[REQUIRED ACTION] Lines from the one containing "這種模式的合作點主要在接入層" through the final line of the data, restated word for word and free of pictures, make up the whole answer.

[Recorded data]

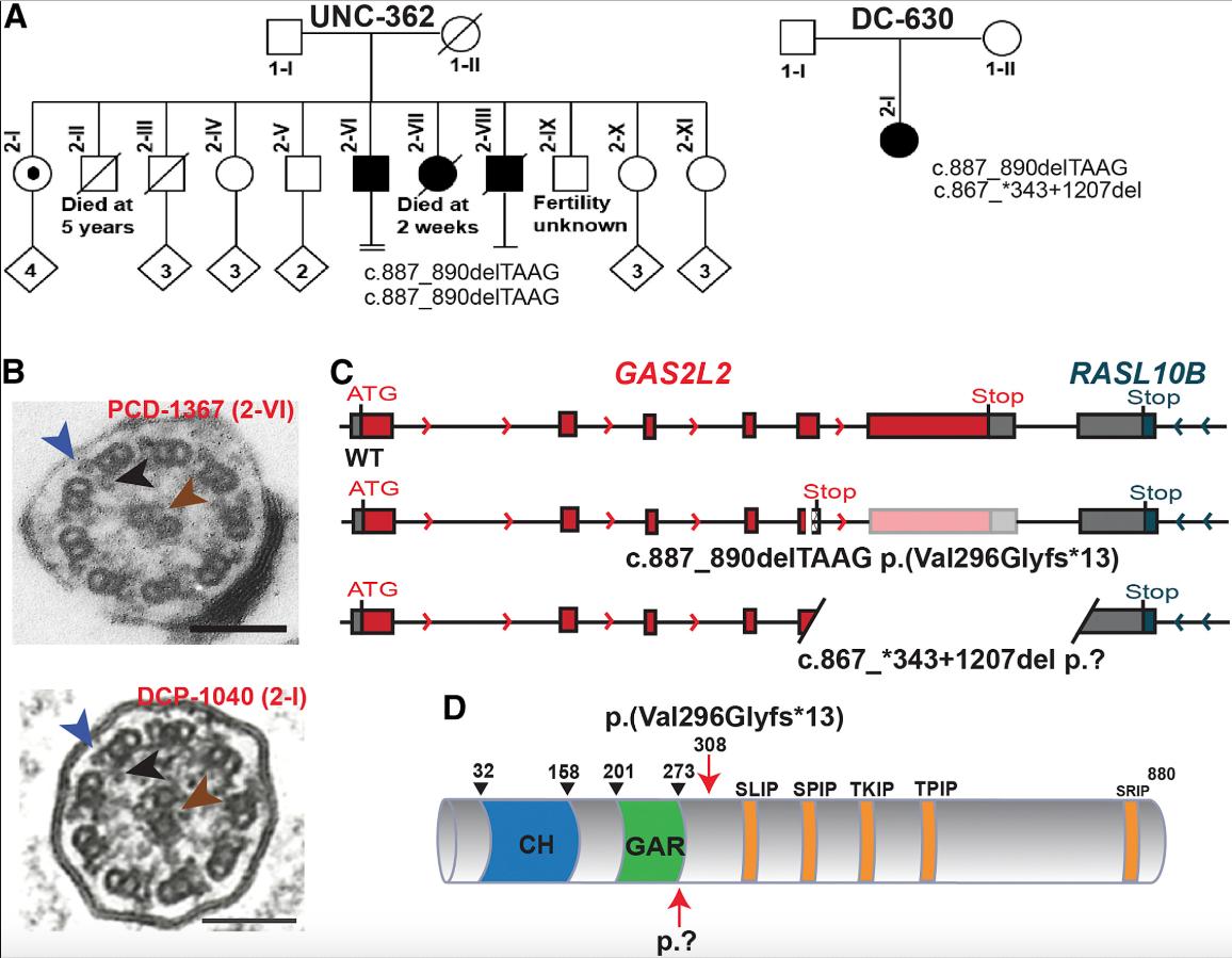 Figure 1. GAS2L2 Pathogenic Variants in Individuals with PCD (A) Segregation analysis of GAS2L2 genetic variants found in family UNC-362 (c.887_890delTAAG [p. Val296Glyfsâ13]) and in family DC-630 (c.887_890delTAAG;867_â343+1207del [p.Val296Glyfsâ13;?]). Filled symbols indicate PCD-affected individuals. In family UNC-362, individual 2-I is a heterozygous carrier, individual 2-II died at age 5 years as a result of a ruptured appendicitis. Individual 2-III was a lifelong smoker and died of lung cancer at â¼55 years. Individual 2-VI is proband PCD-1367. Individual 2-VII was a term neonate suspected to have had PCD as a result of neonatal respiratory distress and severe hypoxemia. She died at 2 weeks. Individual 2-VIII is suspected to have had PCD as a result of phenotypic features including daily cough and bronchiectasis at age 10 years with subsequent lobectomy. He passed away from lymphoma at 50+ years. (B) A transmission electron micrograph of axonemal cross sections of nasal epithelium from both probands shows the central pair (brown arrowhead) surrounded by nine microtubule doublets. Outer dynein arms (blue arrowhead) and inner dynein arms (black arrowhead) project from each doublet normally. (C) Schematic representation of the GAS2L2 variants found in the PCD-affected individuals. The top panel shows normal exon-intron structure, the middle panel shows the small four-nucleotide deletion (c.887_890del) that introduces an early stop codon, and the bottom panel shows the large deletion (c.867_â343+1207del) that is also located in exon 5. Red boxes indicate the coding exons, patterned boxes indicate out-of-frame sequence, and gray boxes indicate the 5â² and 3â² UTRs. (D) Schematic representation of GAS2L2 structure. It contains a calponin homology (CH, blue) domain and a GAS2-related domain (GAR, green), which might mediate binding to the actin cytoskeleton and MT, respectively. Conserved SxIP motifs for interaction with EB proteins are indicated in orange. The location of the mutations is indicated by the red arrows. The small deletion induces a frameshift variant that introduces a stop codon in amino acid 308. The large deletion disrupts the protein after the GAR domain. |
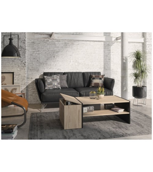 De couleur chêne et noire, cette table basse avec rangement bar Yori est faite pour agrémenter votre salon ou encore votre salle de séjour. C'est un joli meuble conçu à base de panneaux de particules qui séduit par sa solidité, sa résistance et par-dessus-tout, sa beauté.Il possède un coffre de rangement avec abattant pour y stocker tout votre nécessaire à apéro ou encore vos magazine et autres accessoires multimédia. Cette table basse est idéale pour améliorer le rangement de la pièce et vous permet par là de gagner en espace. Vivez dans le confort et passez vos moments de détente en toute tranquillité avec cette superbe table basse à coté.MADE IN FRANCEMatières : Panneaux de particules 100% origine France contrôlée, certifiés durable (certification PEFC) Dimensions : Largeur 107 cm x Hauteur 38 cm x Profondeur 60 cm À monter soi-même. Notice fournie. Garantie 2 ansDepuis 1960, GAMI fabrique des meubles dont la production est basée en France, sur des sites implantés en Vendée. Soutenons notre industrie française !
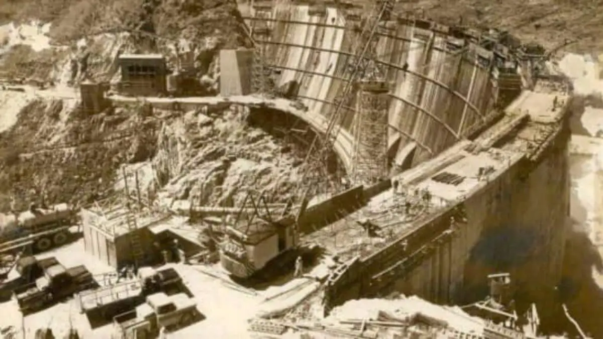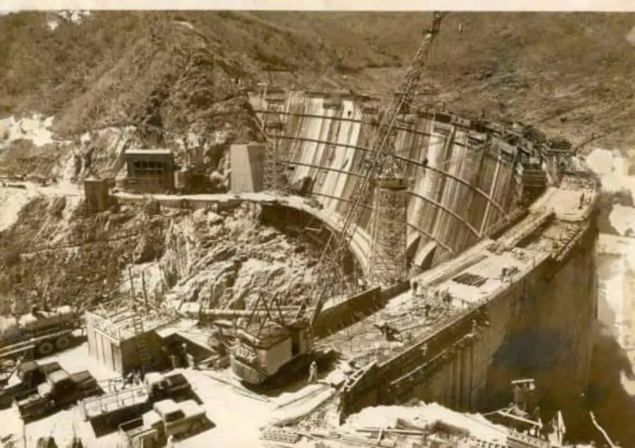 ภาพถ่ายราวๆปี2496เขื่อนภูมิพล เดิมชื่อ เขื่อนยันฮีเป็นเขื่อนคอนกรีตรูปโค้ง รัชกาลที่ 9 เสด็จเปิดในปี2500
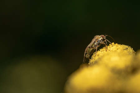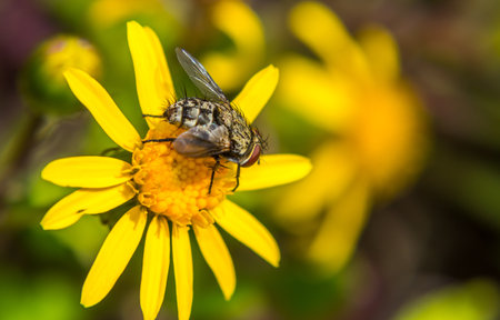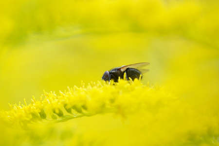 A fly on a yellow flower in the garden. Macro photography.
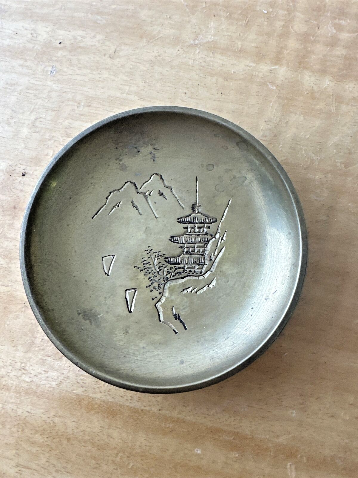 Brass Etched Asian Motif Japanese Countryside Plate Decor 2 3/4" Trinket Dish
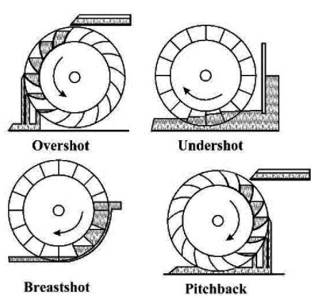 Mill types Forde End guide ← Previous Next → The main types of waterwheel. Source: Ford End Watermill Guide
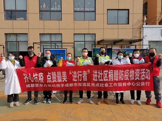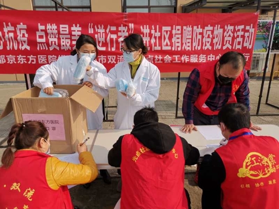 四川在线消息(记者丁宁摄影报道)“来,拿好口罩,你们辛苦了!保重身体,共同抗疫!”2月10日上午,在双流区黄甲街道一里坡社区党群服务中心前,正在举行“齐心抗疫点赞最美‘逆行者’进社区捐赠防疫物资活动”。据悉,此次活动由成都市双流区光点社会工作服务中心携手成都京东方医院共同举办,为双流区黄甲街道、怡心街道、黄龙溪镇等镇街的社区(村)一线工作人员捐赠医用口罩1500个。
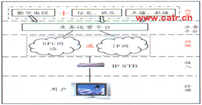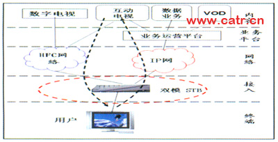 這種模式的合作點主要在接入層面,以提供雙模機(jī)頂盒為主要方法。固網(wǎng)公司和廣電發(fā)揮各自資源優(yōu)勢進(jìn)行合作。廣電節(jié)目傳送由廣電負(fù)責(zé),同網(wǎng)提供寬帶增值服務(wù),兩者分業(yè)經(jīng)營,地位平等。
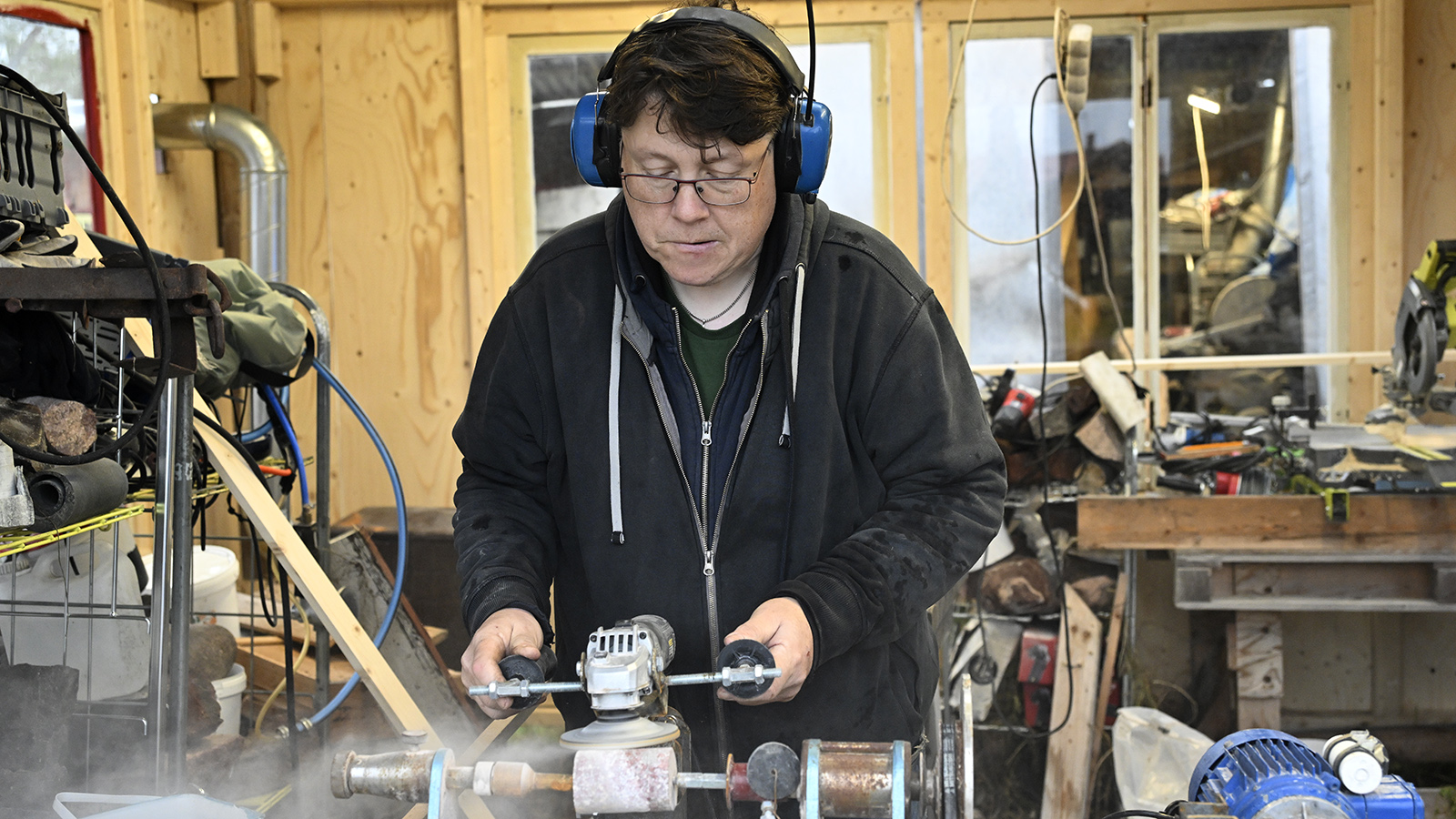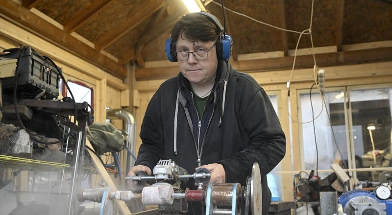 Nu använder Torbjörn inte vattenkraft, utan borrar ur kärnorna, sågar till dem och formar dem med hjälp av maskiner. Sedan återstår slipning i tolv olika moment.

[ANSWER BOX]
 這種模式的合作點主要在接入層面,以提供雙模機(jī)頂盒為主要方法。固網(wǎng)公司和廣電發(fā)揮各自資源優(yōu)勢進(jìn)行合作。廣電節(jié)目傳送由廣電負(fù)責(zé),同網(wǎng)提供寬帶增值服務(wù),兩者分業(yè)經(jīng)營,地位平等。
 Nu använder Torbjörn inte vattenkraft, utan borrar ur kärnorna, sågar till dem och formar dem med hjälp av maskiner. Sedan återstår slipning i tolv olika moment.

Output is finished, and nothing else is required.